I tend to think the primary cause behind most wars is sustained (often over the course of years or decades) political agitation that portrays the opposition as corrupt, dangerous, ignorant, subversive, and despicable. Recently I saw a documentary about the Civil War that highlighted the accusations and insults being slung during the 1860 election, and I thought, “Wow, maybe things aren’t so bad today” – until I remembered that those Americans had gone to war within the year.
It’s a fallacy that people who don’t know history are doomed to repeat it. Instead the exact opposite is true, because people who know history tend to resurrect it to support their own agendas. Today, John C. Calhoun’s nullification theory – which held that states had the right to override federal legislation that they deemed unconstitutional – is alive and well, and modern secessionist and nullification movements abound. You can find them on the Internet, or order books about them.

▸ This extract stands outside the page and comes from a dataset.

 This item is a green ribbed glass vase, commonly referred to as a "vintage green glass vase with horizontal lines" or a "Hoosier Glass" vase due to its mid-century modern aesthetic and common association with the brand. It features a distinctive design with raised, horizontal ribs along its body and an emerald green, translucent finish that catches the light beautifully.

More American soldiers sacrificed their lives between April, 1861, when Confederates fired on Ft. Sumter, and April, 1865, when Lee surrendered to Grant at Appomattox Court House, than in WWI or WWII. More American combatants were killed in the Civil War than in the American Revolution, War of 1812, Mexican War, Spanish American War, Korean, Vietnamese, Persian Gulf, Iraq, and Afghanistan wars added together.

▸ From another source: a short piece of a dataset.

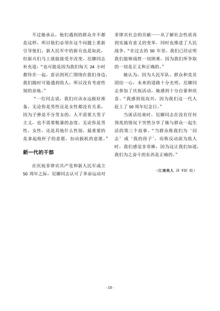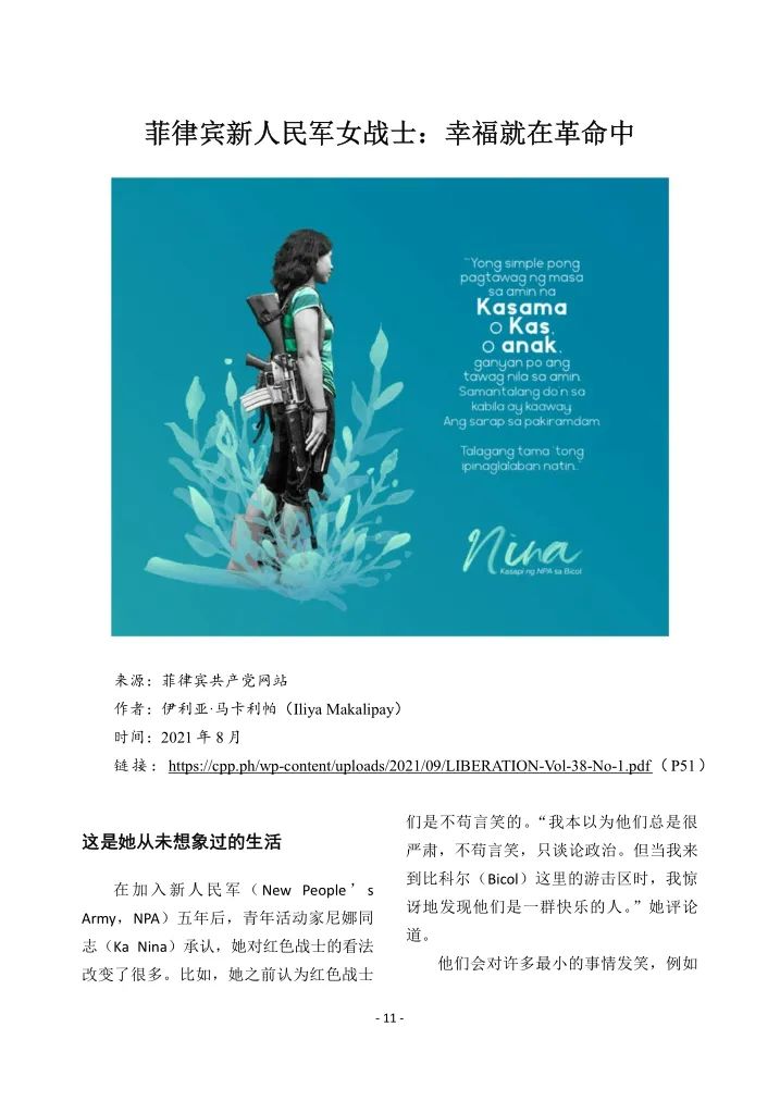 菲律宾新人民军女战士:幸福就在革命中IRN 2022-03-18 约 78 字 预计阅读 1 分钟 目录 原文链接:https://cpp.ph/wp-content/uploads/2021/09/LIBERATION-Vol-38-No-1.pdf(P51)

You would think that we would want to put the ideas, theories and arguments that inspired civil war behind us. But we don’t. They are frequently revived for political purposes.
In terms of providing rousing material to inspire modern rage, however, the Civil War is a piker. The American Revolution is clearly the more marketable war. Revolutionary incitement is favored by the Tea Party, Ron Paul, Michele Bachmann, Sarah Palin, thousands of websites, and countless citizens of every political persuasion.
What does it mean when so many government officials and would-be officials contend that rebellion against our government might be justified? Should we be organizing militias? Stockpiling weapons? Making bombs?
Probably not, but you can be sure that some patriotic Americans are taking all that war talk seriously and doing just that.
One thing you’ve got to admire about America; we’ve got no shortage of incendiary history to mine, nor a dearth of passionate people ready to excavate it.
In the wake of the 2010 elections, the Republicans have resurrected Gilded Age tactics: suppressing collective bargaining, railing against unions, clamoring for lower wages and vilifying laborers. And the Democrats have started romanticizing strikes, marches, street riots, and unarmed resistance against well-armed authorities.
The growing rift between labor and government seems serious, but as I write this, the prime-time issue is about whether slaves had better marriages than modern African Americans. It looks like the 2012 campaigns are going to be real ratings winners – totally devoid of serious debate about boring budgets, bothersome banking practices, and pertinent positions.
Personally, I’d rather escape to the back woods until October of 2012, but it won’t help. In recent years I’ve realized that the notion that you can escape into the wilderness (or country village) is a fantasy and always has been. If rustic seclusion made things better, the poor, rural yeomen who made up more than three-quarters of the population of the United States in 1861 might have lived out their lives safely and serenely. Instead, their boys – Northern, Southern, black and white – ended up rotting in American fields.
Martha Quillen still enjoys walks in the woods – whether they improve her character or not.